The Prophecy
together.
    The farmer was laughing. “Your bard?”
    “I suppose he must be,” said Perryn ruefully, climbing down from the cart. “I’d better follow them. I thank you, sir, for all you’ve done.”
    “My pleasure,” said the farmer. “And don’t worry about following them. You’ll be able to find your bard in the town lockup anytime in the next month, or I miss my guess. Take care, lad.”
    Perryn bowed and set off to find the jail.

But the bard was held in durance, by evil men, and Prince Perryndon was forced to labor mightily to free him.
     

4
     
    “ SO THEN I LOOKED IN HIS BAGS AND —”
    “—swindling me, the toad, right from—”
    “Silence!” roared the justice, for the fourth time.
    “But it—”
    “I—”
    “Excuse me,” said Perryn, trying to wiggle through the crowd in the public hall. “Excuse me, please.” No one budged.
    “Bailiff, throw them both in a cell!”
    Silence fell around the justice’s chair.
    “Ah, that’s better,” said the justice. “Let me see if I’ve managed to understand all this. You, sir, are a tavern keeper, who employed the bard Lysander to entertain your customers.”
    Perryn saw a three-inch gap between two broad backs and lunged for it. “Excuse me.”
    “Employed, hah,” the bard responded. “A pallet on the floor, scraps from the tables, and permission, permission! to keep the coins people offered, while I brought in crowds of—”
    “I took you in, fed you, housed you, and you repaid me with theft, you—”
    “Bailiff!”
    “Excuse me.” Perryn struggled onward. The crowd was getting thicker, and the noise level was rising again.
    “And you, Lysander, feeling that the tavern keeper was underpaying you, decided to increase your wages without his knowledge?”
    “It wasn’t theft,” said the bard. “This miserly rogue offered me all I could eat, if I honored his filthy hovel with my playing.”
    “Filthy! Hovel!”
    “Silence!”
    “Excuse me. Excuse me. Excuse me.”
    “I’ve heard enough,” the justice declared. “Tavern keeper, we will return the food the bard was taking. Next time, be more careful of the character of those you employ. And as for you, master bard, there can be no doubt that you planned to steal from the tavern keeper.”
    Perryn wedged himself between two more bodies and squirmed. He couldn’t wait while the bard served a long sentence. His father would surely find him, and all his plans would come to nothing. Disastrous for him, and maybe for Idris, too.
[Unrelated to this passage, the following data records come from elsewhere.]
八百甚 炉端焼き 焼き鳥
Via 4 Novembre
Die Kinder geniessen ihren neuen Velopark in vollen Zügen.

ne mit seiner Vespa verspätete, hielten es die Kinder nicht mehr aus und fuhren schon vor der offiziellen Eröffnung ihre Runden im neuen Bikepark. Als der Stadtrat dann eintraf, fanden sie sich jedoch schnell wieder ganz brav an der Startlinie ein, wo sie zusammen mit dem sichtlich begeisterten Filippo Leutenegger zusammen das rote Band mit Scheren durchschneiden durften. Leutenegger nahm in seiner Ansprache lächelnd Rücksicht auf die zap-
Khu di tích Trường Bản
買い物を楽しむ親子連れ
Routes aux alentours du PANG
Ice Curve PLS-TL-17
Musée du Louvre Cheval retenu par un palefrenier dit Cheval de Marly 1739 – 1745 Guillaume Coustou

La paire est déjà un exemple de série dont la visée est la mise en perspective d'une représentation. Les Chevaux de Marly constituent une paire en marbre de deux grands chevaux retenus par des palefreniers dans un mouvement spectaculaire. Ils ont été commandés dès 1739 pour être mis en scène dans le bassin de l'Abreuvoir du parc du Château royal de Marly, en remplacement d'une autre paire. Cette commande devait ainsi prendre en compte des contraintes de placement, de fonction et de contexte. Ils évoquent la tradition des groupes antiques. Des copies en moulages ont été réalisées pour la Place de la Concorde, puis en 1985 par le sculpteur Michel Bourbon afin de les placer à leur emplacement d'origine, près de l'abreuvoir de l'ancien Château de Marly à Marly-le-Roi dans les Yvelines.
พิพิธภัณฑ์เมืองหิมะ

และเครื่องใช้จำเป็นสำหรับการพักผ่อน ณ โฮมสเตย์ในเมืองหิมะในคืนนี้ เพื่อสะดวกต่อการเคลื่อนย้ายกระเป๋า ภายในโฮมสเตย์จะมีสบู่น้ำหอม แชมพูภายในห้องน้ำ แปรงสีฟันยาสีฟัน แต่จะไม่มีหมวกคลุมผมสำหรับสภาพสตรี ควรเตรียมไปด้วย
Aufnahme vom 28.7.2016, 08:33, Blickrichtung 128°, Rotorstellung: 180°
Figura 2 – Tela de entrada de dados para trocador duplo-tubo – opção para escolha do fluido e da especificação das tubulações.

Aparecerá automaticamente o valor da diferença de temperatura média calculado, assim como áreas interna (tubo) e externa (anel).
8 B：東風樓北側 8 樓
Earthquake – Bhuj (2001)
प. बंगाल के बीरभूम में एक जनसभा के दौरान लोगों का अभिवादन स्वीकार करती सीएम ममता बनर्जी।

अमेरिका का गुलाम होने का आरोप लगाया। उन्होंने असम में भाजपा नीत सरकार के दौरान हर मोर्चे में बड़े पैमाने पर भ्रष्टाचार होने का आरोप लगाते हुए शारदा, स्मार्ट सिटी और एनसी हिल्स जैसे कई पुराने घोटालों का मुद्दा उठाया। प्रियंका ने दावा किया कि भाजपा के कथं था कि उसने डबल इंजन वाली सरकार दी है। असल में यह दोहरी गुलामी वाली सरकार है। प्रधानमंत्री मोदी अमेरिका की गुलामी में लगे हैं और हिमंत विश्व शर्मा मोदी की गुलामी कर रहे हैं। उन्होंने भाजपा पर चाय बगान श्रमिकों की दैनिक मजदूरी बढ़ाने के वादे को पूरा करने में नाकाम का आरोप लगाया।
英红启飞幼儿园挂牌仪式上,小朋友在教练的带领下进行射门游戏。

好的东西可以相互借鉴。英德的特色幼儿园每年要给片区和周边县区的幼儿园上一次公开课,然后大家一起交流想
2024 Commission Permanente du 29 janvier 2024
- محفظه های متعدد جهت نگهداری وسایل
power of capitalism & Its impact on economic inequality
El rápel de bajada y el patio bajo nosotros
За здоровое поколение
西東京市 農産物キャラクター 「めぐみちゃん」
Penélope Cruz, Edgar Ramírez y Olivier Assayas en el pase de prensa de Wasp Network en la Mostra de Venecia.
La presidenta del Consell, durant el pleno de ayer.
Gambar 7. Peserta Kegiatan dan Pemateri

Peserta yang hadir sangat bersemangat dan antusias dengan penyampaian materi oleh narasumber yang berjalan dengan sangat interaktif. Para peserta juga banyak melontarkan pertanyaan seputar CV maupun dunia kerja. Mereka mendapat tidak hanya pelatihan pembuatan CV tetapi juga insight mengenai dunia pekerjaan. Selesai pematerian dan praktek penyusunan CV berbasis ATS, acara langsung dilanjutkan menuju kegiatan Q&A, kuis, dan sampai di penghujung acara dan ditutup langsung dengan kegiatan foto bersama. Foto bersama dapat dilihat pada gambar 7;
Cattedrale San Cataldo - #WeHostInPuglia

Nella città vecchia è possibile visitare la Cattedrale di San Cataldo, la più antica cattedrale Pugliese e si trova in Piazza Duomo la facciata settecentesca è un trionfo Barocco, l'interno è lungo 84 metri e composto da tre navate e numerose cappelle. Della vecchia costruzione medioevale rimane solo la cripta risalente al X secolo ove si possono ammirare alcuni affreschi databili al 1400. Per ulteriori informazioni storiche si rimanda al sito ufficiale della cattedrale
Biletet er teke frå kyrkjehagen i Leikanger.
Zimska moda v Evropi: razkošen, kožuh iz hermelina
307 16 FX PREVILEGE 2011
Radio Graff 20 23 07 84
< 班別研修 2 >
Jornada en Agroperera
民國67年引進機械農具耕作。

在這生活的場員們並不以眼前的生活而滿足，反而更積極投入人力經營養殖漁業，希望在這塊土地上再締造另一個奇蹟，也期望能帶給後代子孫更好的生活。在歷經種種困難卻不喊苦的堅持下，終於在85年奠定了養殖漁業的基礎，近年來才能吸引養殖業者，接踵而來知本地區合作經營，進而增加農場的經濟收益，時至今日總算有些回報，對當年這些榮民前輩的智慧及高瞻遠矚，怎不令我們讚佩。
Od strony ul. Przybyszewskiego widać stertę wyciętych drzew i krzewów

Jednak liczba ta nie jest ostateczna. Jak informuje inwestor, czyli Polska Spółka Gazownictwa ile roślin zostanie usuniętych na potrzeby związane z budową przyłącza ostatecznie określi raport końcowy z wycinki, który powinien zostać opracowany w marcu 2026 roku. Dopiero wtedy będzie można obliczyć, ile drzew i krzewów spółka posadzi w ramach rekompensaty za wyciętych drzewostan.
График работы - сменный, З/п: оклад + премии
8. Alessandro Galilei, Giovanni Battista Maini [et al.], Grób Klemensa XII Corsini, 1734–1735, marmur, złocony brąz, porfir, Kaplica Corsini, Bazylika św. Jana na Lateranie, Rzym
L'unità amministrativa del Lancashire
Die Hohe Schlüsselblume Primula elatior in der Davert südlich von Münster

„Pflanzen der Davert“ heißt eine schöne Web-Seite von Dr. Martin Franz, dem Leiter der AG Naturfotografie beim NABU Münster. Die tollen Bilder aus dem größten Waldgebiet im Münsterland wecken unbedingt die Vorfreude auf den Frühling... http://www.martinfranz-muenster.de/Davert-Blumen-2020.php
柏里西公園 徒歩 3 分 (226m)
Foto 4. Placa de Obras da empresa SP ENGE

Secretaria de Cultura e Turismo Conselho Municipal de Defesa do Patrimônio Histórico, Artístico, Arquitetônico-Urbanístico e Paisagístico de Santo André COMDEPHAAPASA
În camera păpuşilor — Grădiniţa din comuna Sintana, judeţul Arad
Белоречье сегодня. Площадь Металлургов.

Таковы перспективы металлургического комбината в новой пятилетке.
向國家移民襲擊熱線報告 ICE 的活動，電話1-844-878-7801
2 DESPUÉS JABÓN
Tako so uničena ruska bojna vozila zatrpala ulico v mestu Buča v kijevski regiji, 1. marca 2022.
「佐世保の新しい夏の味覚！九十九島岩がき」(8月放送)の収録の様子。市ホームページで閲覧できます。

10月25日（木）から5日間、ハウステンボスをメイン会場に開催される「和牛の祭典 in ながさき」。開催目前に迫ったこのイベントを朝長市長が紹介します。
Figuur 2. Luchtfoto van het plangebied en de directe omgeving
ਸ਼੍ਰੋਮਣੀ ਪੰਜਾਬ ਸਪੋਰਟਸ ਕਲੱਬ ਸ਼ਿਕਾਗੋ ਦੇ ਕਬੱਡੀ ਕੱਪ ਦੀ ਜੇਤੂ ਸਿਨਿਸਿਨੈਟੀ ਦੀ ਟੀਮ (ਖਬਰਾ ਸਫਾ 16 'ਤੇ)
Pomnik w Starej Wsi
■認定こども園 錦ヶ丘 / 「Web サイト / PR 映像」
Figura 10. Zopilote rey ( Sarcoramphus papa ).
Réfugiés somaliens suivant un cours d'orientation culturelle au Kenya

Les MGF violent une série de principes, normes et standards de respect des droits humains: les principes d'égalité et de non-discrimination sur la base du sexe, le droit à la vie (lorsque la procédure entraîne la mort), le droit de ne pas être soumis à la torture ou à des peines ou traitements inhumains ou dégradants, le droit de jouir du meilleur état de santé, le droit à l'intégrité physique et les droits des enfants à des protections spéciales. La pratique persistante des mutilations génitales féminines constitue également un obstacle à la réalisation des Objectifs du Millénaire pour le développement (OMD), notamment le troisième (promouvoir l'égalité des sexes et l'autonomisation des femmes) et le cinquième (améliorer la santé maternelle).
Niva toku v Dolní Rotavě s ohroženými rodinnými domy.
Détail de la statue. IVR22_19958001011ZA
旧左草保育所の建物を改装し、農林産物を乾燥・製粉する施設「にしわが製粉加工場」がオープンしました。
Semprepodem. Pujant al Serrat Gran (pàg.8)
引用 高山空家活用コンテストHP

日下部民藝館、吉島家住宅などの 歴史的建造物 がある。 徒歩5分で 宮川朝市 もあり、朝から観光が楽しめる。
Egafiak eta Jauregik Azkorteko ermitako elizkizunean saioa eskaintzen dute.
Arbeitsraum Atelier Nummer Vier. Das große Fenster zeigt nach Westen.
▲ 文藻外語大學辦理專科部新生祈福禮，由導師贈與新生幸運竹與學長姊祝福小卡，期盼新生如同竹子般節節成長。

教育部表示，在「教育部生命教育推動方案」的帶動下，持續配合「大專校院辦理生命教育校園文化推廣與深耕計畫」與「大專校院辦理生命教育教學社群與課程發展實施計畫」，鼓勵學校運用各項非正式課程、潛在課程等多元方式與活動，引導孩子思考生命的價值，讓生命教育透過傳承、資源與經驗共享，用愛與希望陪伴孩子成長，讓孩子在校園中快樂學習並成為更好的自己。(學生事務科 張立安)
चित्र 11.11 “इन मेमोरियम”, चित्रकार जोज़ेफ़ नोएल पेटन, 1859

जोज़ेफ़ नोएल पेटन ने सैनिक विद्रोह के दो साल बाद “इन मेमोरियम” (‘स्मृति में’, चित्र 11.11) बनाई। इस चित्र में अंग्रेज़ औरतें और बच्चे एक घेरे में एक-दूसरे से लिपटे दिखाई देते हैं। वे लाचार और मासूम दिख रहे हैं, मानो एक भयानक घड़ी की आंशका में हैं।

    “You have also caused a public brawl and disturbed the king’s peace,” the justice continued. “Therefore, I sentence you to ninety days in lockup. If you want to take any of our jail food with you when you go, feel free.”
    “But you can’t do that!” Perryn burst through the crowd at last. “I need him.”
    The sudden silence was even more absolute than the hush produced by the justice’s previous threat. Everyone stared at him. Perryn belatedly remembered that interrupting the proceedings of a court was illegal. The impulse to run seized him. Weak willed. He forced himself to meet the justice’s gaze firmly.
    “I beg your pardon?” the justice said.
    “The boy is my brother,” said the bard quickly. “Dependent on my care. Just look at the state he’s in! He’ll starve if I’m in jail. It was for him I took the food.”
    “Is that true, lad?” asked the justice.
    “Ah, well, no,” said Perryn.
    “You ungrateful cur!” exclaimed the bard. “After all the years I’ve fed you, clothed you—”
    “Silence!”
    “But I do need him,” said Perryn. “If I have to wait here ninety days…well, it will be too late. Please, sir, is there any way you could reduce his sentence?”
    “I could impose a fine instead.” The justice scratched his chin. “It should be…hmm. Ninety coppers. Do you have ninety coppers, lad?”
    “No.”
    “No money at all?” The justice eyed his patched, dusty clothing, and Perryn blushed.